Sweeping The Nation Albums Of 2010: Number 15



Everything Everything don't want for ideas. At a time when plenty of bands are happy with one, they're clearly people who take in a lot of music while retaining the curiosity of seeing what happens if you put A against B. They're not going to pretend to be less smart or indeed clever-clever then they are because, operating as they do within the walls of art-pop, they exist in a world to show off their new tricks, their funny synth sounds and their falsetto four-part harmonies. One moment they're R&B producers stuck in a guitar-bass-drums network, the next Queen stuck with a bedroom four-track.
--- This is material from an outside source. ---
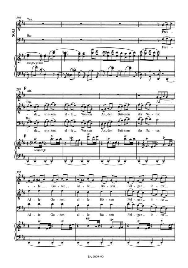 With final chorus 'An die Freude' (Ode to Joy) Between 1996 and 2000 Bärenreiter published scholarly-critical editions of Beethoven 's Nine Symphonies edited by the first class musicologist Jonathan Del Mar. The editorial process was a huge undertaking because of the complex source situation regarding Beethoven 's Symphonies culminating in the Choral Symphony (No. 9) which came down to the publisher in nearly 20 different sources. So it was not surprising that Bärenreiter's new Urtext edition caused a considerable stir in the music world. Since publication, Del Mar's edition enjoys the unabashed praise of conductors, performers andcritics alike and has become the most widely used publication of the Beethoven Symphonies which can be heard not only every day in concert halls, but also on CD recordings by John Eliot Gardiner, David Zinman, Jos van Immerseel and Claudio Abbado. Full scores, study scores and complete performance material to Beethoven ’s Nine Symphonies are available for sale.

The result is fascinating, ambitious and no small amount of odd joy.

It's when you try to work out what they're actually singing about that you run into trouble. Not only does Jonathan Higgs have Britain's most divisive high pitch, but he delivers lines as if he's out of breath and trying to impart as much information between gasps as possible, running words and lines headlong into each other and then it turning out they didn't make much linear sense then. It means mondegreens aplenty, but it also means they don't sound like anyone else achieving some level of attention in Britain much at all, even if they do inhabit shards of Super Furries, Cardiacs or Wild Beasts. Like the former they've been careful to find a successful way to fold modern electronica into the four piece standard, as with Qwerty Finger's cut-up loading noises dancing freely over the top of a fast paced coasting rhythm track. The skeletally humming Leave The Engine Room borrows from minimal house, Two For Nero baroque harpischord backed chant. Schoolin' uses a four note electronic whistle where a big hook would go and ending up somewhere beside a less 'rock'-indebted N*E*R*D production. Listen to that bridge, like a Daft Punk Discovery sequence impersonating a heroic guitar solo. It's indicative of an album that borrows liberally rather than outright theft indulgence, doing so to pick out their own space in a crowded market with eccentric acrobatics of genre, melody and time stuffed into place to make an odd kind of sense.